Artist Stephanie Rothenberg Thrilled To Be First Roux Scholar

Stephanie Rothenberg has a lot to learn, and she’s excited about it. “I’m interested in the Maine coastline, the impact of climate change, and what this is all doing to the livelihood of those who depend on the sea for a living.” She’s sitting behind her desk in Bowdoin’s newest building, the Roux Center for the Environment—a building designed to foster collaboration and creativity in the teaching and study of the environment. Rothenberg, however, is not an environmental scholar: she’s a renowned artist specializing in interactive media installations that most recently incorporate living organisms (or plants), and she’s here as the inaugural Roux Scholar.

Over the next year Rothenberg will be spending a good portion of time away from her regular job as director of graduate studies at SUNY Buffalo’s Department of Art, where she’s also professor of design and emerging practices. As a Roux Scholar, she will not teach courses, but will work with Bowdoin students and faculty in a residency-like program to create an art installation. At the moment, she does not know what that installation will look like or exactly where it will be. “These are early days,” she says, “and the first phase of the project, as with all my work, is to do a lot of research to identify what to me are the important issues.
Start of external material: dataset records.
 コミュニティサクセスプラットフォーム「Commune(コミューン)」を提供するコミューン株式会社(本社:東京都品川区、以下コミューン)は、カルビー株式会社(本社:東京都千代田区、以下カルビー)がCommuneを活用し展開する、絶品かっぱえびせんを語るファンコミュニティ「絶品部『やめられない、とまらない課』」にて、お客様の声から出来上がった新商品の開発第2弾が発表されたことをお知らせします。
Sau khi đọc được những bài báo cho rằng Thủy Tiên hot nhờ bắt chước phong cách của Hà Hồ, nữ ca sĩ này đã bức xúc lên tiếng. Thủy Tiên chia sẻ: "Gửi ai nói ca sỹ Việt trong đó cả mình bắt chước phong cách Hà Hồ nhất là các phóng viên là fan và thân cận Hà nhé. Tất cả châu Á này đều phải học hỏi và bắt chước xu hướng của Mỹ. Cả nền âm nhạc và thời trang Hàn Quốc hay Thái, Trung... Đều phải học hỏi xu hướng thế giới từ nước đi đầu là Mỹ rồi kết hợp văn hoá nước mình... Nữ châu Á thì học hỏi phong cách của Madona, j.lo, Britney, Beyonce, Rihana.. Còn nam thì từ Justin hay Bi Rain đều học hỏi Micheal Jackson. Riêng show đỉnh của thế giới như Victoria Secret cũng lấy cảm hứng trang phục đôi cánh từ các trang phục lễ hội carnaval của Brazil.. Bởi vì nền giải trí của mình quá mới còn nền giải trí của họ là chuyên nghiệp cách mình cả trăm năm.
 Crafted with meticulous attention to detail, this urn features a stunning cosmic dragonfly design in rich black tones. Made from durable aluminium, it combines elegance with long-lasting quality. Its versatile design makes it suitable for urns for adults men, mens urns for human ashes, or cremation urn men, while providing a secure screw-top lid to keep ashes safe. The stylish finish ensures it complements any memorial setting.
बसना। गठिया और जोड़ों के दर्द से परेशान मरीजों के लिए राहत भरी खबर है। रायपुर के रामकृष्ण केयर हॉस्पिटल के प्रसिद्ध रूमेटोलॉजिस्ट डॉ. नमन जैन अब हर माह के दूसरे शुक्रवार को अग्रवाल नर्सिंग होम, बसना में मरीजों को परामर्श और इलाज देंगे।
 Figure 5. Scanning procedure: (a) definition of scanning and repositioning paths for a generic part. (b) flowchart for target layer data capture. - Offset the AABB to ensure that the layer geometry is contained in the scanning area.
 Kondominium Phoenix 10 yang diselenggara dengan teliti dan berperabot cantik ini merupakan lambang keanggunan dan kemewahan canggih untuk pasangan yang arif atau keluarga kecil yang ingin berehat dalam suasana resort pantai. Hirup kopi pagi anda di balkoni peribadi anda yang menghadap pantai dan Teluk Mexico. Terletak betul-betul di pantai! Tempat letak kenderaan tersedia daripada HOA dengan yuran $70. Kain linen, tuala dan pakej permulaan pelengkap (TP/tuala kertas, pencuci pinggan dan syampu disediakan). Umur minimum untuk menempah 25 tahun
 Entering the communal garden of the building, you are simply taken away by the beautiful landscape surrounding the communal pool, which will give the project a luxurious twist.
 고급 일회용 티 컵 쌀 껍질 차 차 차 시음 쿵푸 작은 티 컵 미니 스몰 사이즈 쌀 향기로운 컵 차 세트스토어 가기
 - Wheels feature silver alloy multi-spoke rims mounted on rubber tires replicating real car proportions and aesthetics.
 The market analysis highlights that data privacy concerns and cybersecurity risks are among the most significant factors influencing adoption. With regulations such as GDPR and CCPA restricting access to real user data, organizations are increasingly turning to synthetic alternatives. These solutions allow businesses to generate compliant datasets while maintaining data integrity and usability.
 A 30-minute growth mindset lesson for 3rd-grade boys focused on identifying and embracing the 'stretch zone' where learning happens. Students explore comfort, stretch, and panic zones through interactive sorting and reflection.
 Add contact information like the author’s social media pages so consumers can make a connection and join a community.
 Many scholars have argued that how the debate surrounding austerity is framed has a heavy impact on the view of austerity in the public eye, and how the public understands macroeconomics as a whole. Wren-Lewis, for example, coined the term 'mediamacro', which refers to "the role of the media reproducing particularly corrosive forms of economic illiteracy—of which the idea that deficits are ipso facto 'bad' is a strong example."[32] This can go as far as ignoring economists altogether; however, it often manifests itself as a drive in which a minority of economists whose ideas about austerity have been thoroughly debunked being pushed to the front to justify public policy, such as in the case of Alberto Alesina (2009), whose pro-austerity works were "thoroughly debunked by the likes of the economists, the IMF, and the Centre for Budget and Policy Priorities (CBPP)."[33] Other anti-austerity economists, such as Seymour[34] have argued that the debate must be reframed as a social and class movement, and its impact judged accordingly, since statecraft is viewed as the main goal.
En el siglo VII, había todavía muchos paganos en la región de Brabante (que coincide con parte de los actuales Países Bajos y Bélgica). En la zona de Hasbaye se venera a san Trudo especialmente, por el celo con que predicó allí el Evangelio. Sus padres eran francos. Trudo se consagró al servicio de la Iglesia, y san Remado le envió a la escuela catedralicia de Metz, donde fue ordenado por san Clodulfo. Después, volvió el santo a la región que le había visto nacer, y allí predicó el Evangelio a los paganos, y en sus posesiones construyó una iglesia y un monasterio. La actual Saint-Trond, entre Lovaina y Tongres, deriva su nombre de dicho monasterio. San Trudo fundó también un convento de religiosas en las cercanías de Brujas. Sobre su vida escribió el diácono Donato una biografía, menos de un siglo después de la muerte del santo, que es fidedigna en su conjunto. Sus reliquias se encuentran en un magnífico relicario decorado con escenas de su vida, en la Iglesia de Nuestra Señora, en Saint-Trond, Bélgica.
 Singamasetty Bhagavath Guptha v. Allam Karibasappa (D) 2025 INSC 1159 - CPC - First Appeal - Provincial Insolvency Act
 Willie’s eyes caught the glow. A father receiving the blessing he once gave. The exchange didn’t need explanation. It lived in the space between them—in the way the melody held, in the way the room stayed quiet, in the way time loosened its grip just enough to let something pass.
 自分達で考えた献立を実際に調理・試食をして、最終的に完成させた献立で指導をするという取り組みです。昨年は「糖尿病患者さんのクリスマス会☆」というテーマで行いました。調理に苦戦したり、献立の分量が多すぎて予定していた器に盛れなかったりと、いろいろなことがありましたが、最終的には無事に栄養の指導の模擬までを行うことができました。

Then I can start narrowing down ideas to decide what the piece will be. Then it’s a question of designing and fabricating the installation.”

No matter what form the installation takes, one thing is for sure, she says: it will be inspired by Maine’s coastal environment and guided by the expertise that’s on tap, both at the Roux Center and via the wider Bowdoin community. “I want to understand the broader marine economy, and I’m hoping this semester will give me the opportunity to connect with alumni working in the industry.” Rothenberg has a busy agenda, which includes trips on fishing boats, as well as visits to clam flats and shellfish farming operations in the area. “I’m also looking forward to working with students and faculty at the Roux Center, where there’s a real interest in looking at art as one platform for dealing with issues like climate change.”

The Garden of Virtual Kinship, by Stephanie Rothenberg

Throughout her career, Rothenberg has developed a reputation for creating interactive works of art designed to make people think about social and economic issues. One of her recent works, The Garden of Virtual Kinship, is described on her website as a “telematic garden whose lifeline is linked to monetary exchanges between the developed and developing world.” The installation features a number of tiny plants, watered by a computerized, mechanical arm connected to the Internet. The amount of sustenance the plants receive is dictated by the level of financial activity—in other words, the amount of money being channeled to developing countries in the form of microloans. Another project, Planthropy, also has a botanical theme, as wifi-enabled planters respond to live Twitter posts about why people donate to charity.

“I’m interested in systems, particularly how technology systems and social media intersect with different economies,” said Rothenberg. “I like to use data in my work, particularly data visualization and real-time data, but the aesthetics are hugely important too, otherwise it’s just dry data. That’s the fun part, making something attractive.”

Regarding the installation project at Bowdoin, her initial thoughts are of some type of interactive work that uses living organisms and also has a data visualization component to reflect man’s impact on the marine environment. “There’s interest in having it here at the Center, either inside or outside the building. It could involve water and marine life, maybe a water-tight, temperature-controlled unit? Maybe an aquaponics system?”

By the end of the academic year, in May, 2019, Rothenberg hopes to have created an interactive artwork that will enable Bowdoin students to participate in the creation process and contribute to the artwork’s longevity. That’s all to be determined, however. Right now, Rothenberg is still at the “anything’s possible” phase, collecting information and ideas. “Creating a piece is a long and difficult process, but it’s exciting to have all this ahead of me.”